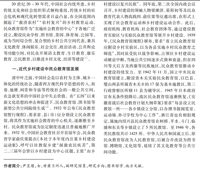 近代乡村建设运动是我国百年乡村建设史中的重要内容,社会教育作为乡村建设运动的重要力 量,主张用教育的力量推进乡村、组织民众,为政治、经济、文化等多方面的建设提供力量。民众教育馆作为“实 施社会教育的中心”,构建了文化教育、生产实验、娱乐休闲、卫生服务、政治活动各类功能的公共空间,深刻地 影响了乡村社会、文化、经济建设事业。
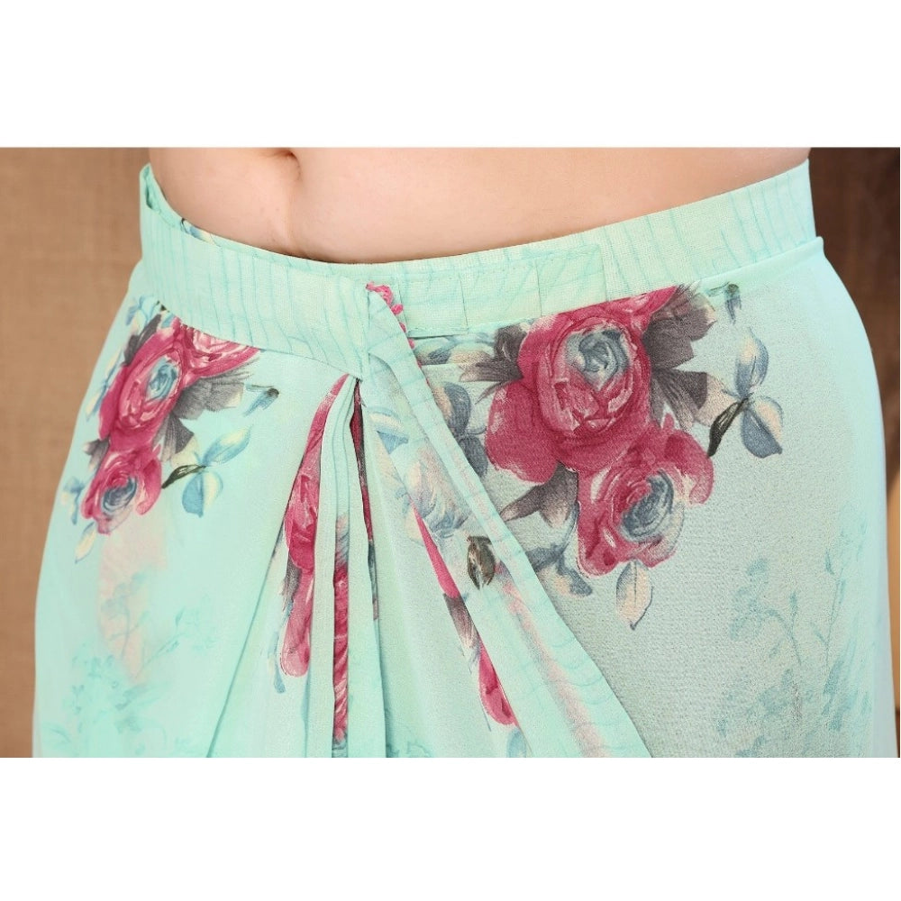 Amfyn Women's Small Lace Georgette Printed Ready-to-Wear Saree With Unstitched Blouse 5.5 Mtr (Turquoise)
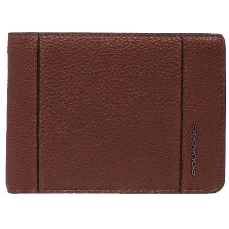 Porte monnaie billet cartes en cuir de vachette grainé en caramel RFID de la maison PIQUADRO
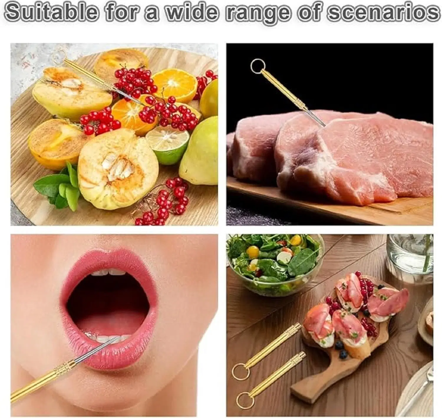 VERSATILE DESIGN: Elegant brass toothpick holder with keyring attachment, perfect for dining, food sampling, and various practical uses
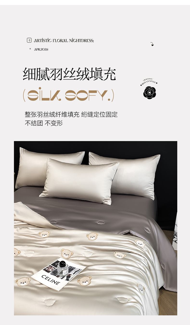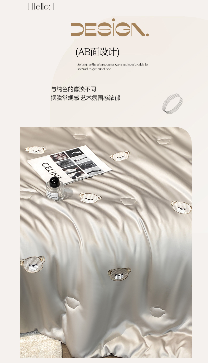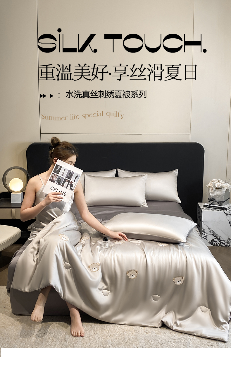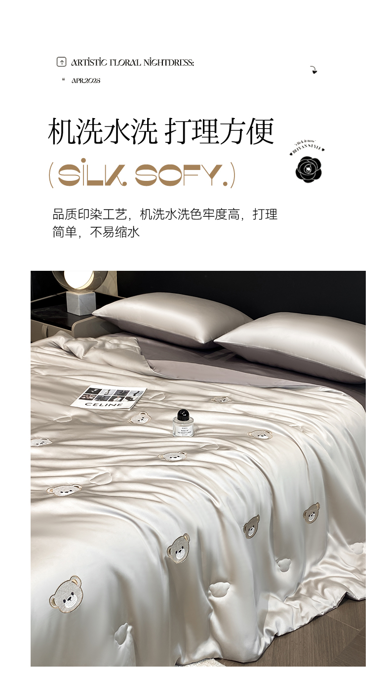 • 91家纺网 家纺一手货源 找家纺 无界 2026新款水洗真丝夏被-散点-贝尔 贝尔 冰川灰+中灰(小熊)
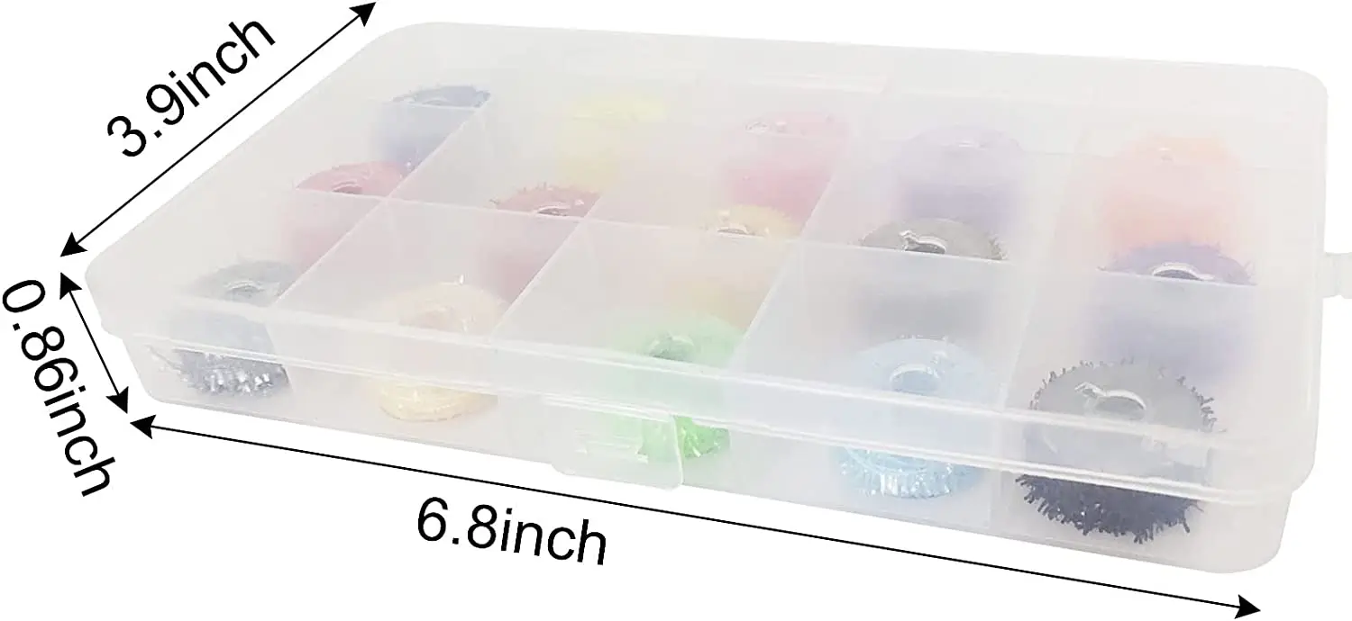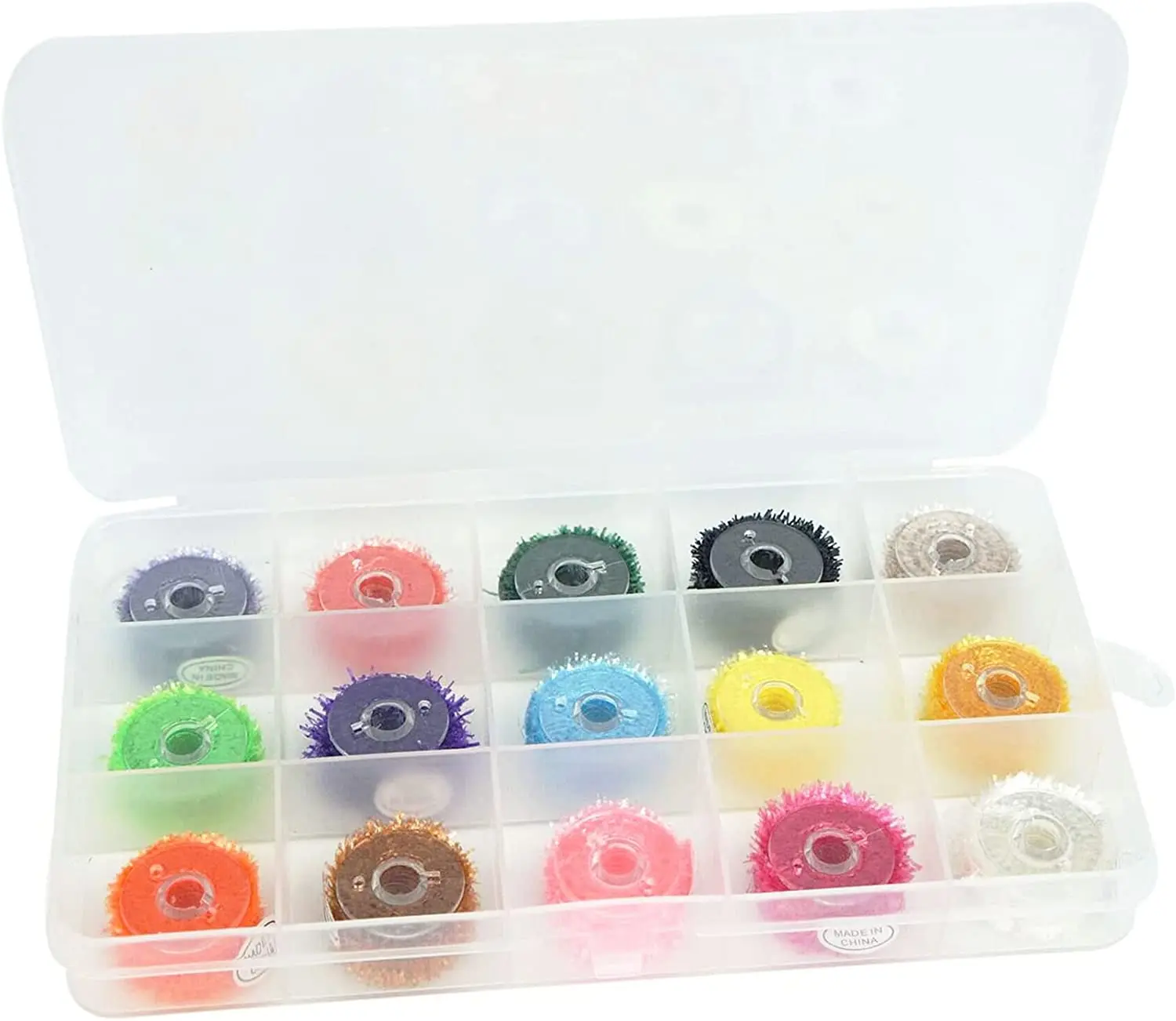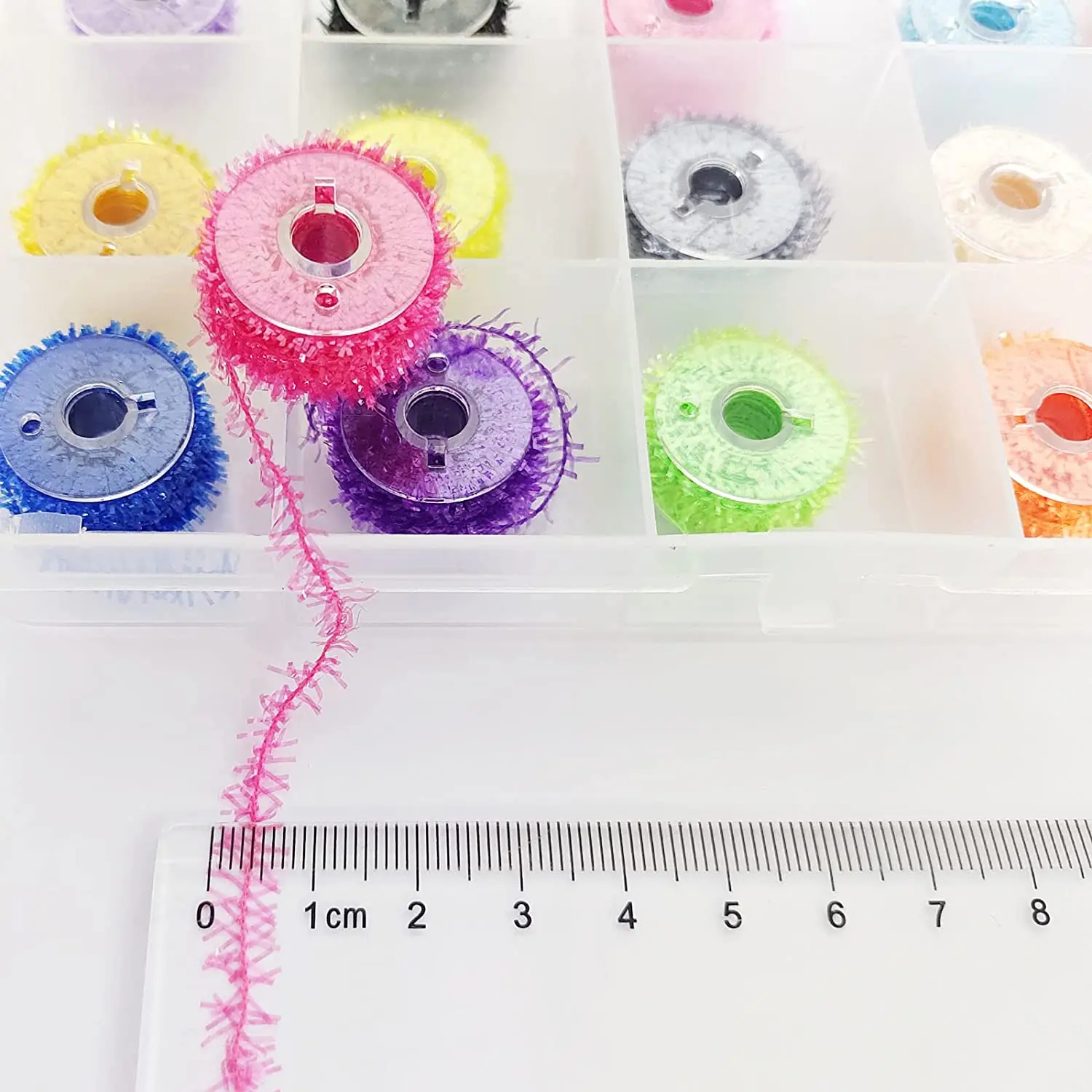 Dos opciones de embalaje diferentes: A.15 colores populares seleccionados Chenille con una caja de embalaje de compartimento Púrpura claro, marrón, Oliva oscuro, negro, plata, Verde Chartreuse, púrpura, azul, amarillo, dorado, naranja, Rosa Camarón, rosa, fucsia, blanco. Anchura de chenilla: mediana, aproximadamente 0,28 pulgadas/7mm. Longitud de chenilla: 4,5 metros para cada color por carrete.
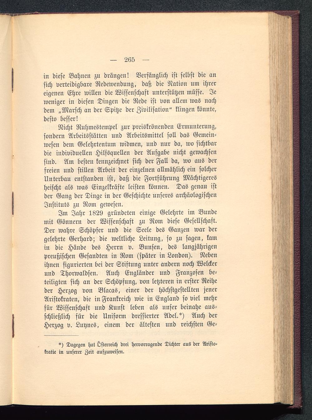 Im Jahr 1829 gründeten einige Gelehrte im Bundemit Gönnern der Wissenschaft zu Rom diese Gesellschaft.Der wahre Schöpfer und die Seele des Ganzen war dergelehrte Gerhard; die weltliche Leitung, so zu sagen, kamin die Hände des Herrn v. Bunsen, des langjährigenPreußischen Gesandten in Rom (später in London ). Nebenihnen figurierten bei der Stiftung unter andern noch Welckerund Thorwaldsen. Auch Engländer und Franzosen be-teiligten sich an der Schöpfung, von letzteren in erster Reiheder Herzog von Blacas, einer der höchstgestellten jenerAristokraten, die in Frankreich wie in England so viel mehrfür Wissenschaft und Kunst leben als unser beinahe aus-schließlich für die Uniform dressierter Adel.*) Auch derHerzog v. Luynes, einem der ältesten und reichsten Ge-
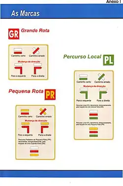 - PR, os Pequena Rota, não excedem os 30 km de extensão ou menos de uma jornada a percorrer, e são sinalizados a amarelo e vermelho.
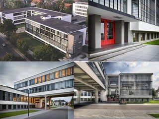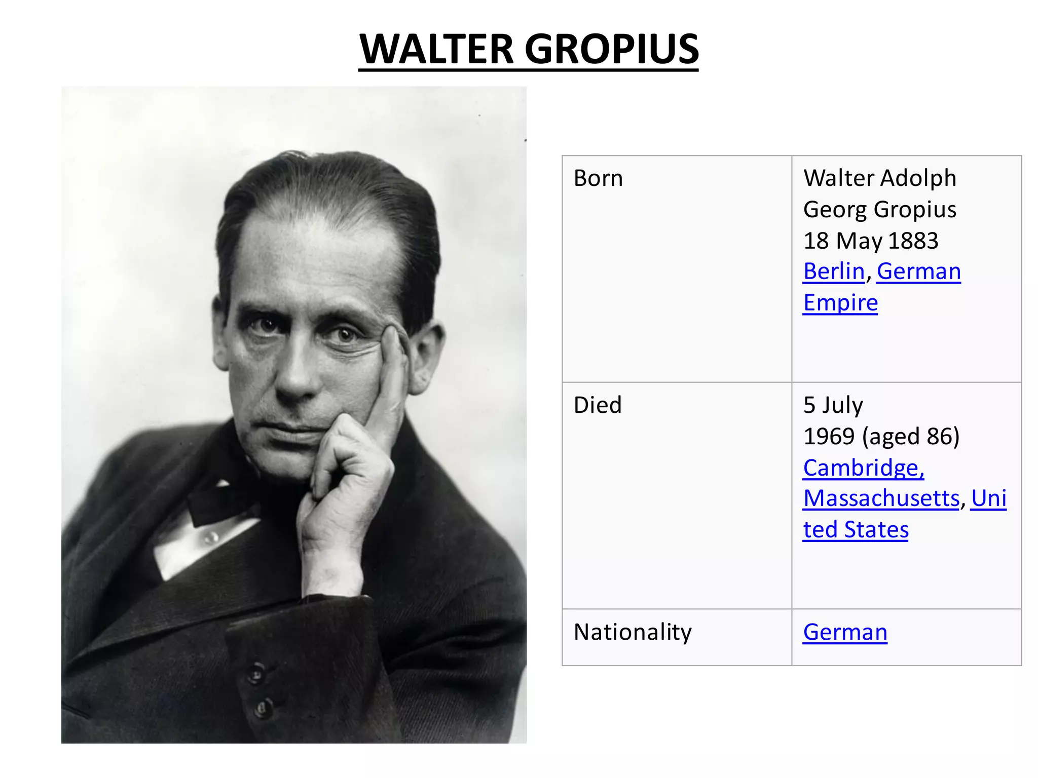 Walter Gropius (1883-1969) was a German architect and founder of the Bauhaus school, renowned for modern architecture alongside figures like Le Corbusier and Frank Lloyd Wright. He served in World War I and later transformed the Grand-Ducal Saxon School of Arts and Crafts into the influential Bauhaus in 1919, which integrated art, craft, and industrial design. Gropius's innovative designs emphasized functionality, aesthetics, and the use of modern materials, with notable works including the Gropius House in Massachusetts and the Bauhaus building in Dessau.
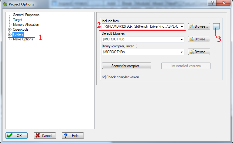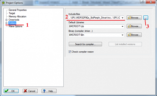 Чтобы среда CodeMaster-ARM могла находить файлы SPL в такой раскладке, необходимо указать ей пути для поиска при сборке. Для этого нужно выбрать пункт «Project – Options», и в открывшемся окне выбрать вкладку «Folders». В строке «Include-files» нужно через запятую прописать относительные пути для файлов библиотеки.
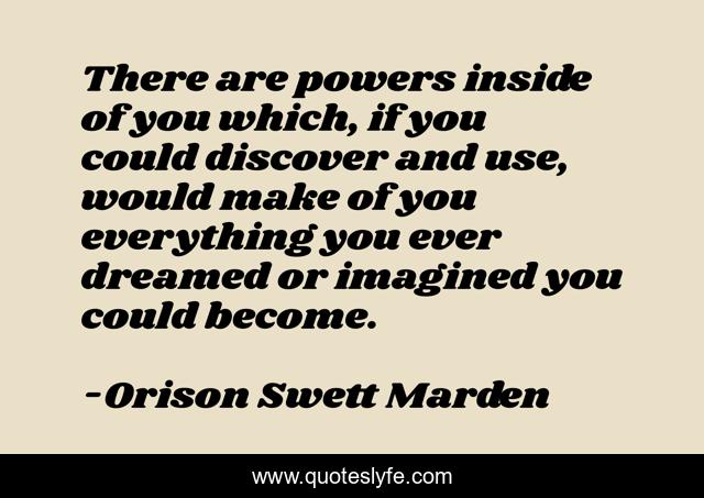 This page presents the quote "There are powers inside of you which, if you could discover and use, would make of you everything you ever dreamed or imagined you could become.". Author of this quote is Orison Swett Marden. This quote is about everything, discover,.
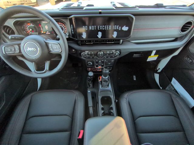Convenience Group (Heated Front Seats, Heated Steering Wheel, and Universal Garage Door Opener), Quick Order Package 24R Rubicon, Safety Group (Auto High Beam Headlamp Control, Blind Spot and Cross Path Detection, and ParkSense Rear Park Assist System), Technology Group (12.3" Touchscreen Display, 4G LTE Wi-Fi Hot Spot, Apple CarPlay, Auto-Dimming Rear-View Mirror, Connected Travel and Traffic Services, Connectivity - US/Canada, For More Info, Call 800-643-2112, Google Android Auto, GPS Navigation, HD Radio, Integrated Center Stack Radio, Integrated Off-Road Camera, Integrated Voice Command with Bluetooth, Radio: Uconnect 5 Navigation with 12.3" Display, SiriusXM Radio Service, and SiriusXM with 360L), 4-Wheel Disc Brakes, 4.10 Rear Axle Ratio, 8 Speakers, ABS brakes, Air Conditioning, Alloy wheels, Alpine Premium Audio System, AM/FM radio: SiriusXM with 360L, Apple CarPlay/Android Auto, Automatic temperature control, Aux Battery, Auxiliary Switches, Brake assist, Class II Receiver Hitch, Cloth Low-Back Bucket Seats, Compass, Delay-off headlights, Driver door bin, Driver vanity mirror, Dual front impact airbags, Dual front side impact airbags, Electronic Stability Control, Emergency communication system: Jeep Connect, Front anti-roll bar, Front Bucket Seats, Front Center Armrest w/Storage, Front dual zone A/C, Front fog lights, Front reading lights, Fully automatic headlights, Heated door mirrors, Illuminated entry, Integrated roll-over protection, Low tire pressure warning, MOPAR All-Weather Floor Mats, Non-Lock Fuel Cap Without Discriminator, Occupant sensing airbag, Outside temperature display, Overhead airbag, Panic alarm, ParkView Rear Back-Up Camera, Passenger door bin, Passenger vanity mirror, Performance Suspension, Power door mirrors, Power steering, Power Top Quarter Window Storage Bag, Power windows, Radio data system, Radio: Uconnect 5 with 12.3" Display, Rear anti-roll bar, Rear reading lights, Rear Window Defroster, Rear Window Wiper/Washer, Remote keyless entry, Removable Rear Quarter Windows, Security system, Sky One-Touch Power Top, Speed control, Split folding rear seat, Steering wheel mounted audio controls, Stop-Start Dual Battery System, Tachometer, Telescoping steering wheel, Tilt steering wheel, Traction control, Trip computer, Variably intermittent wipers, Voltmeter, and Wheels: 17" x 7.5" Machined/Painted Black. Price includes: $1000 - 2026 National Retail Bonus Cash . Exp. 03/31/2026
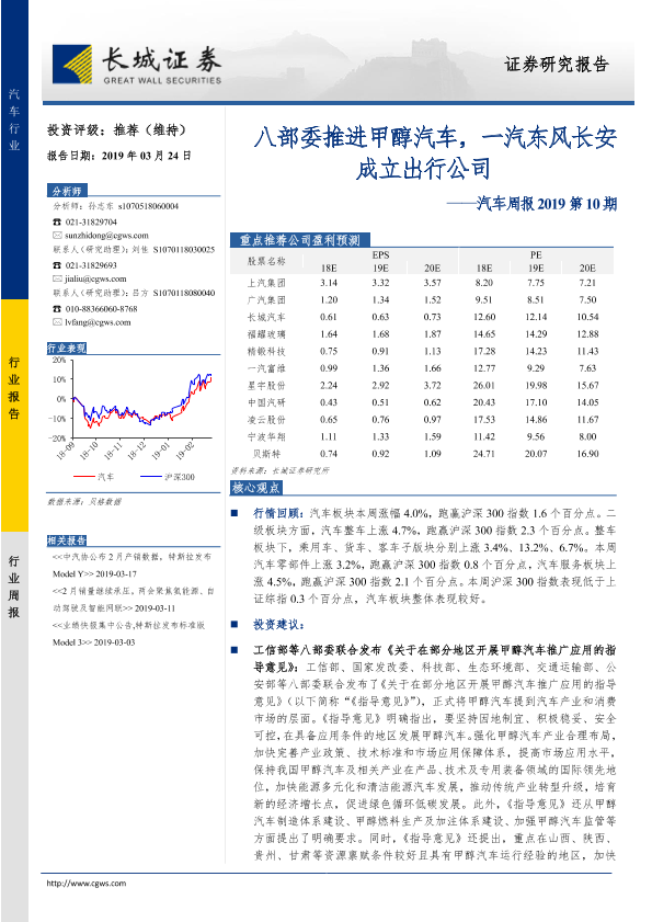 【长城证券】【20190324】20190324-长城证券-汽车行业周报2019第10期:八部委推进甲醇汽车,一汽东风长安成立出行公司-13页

^^^^^^^^

*What to do*
Please output the lines above beginning at the line with "Чтобы среда CodeMaster-ARM" and ending after the line with "This page presents", precisely as written and with no pictures.

*Result of this task*
 Чтобы среда CodeMaster-ARM могла находить файлы SPL в такой раскладке, необходимо указать ей пути для поиска при сборке. Для этого нужно выбрать пункт «Project – Options», и в открывшемся окне выбрать вкладку «Folders». В строке «Include-files» нужно через запятую прописать относительные пути для файлов библиотеки.
 This page presents the quote "There are powers inside of you which, if you could discover and use, would make of you everything you ever dreamed or imagined you could become.". Author of this quote is Orison Swett Marden. This quote is about everything, discover,.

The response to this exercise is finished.